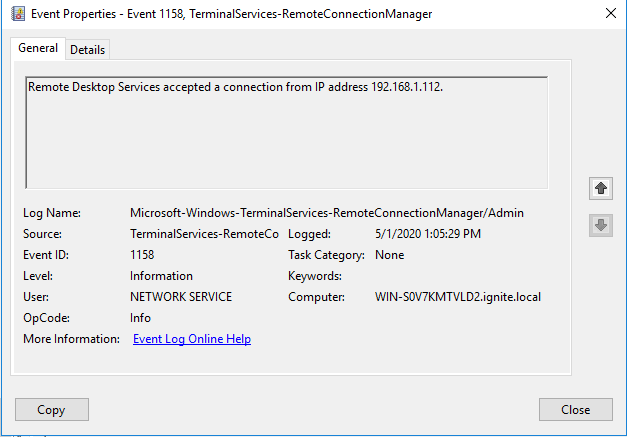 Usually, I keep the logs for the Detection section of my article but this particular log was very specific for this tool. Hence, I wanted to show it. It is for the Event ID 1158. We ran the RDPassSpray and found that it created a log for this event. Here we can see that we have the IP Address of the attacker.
* * *
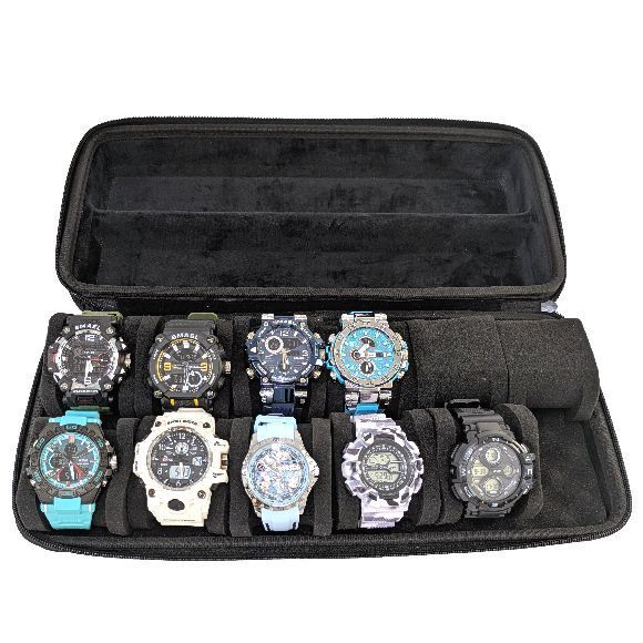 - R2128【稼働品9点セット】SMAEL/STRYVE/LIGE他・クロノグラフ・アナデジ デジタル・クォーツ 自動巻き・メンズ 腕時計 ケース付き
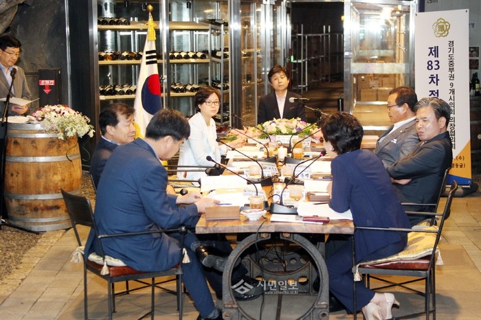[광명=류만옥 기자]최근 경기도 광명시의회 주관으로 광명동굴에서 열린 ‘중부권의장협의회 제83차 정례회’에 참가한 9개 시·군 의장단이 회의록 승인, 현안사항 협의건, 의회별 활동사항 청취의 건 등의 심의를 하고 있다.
* * *
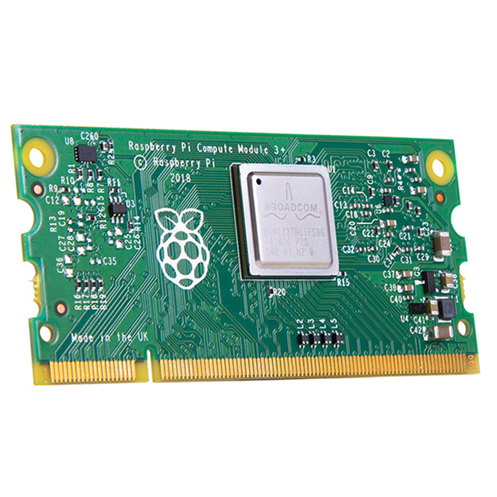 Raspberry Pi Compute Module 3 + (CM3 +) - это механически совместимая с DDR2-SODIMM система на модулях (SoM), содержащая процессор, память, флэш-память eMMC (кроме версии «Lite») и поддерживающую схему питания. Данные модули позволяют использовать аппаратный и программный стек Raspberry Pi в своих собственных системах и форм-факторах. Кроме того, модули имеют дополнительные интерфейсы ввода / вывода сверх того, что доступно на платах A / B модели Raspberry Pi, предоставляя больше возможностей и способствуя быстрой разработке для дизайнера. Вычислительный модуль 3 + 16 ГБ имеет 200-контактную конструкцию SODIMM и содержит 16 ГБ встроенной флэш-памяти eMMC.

- **Exercise**
Reproduce the records above exactly, but only from the line with "- R2128【稼働品9点セット】SMAEL/STRYVE/LIGE他・クロノグラフ・アナデジ デジタル・クォーツ" up to and including the line with "[광명=류만옥 기자]최근 경기도". Leave the pictures out.

- **Solution to this exercise**
 - R2128【稼働品9点セット】SMAEL/STRYVE/LIGE他・クロノグラフ・アナデジ デジタル・クォーツ 自動巻き・メンズ 腕時計 ケース付き
[광명=류만옥 기자]최근 경기도 광명시의회 주관으로 광명동굴에서 열린 ‘중부권의장협의회 제83차 정례회’에 참가한 9개 시·군 의장단이 회의록 승인, 현안사항 협의건, 의회별 활동사항 청취의 건 등의 심의를 하고 있다.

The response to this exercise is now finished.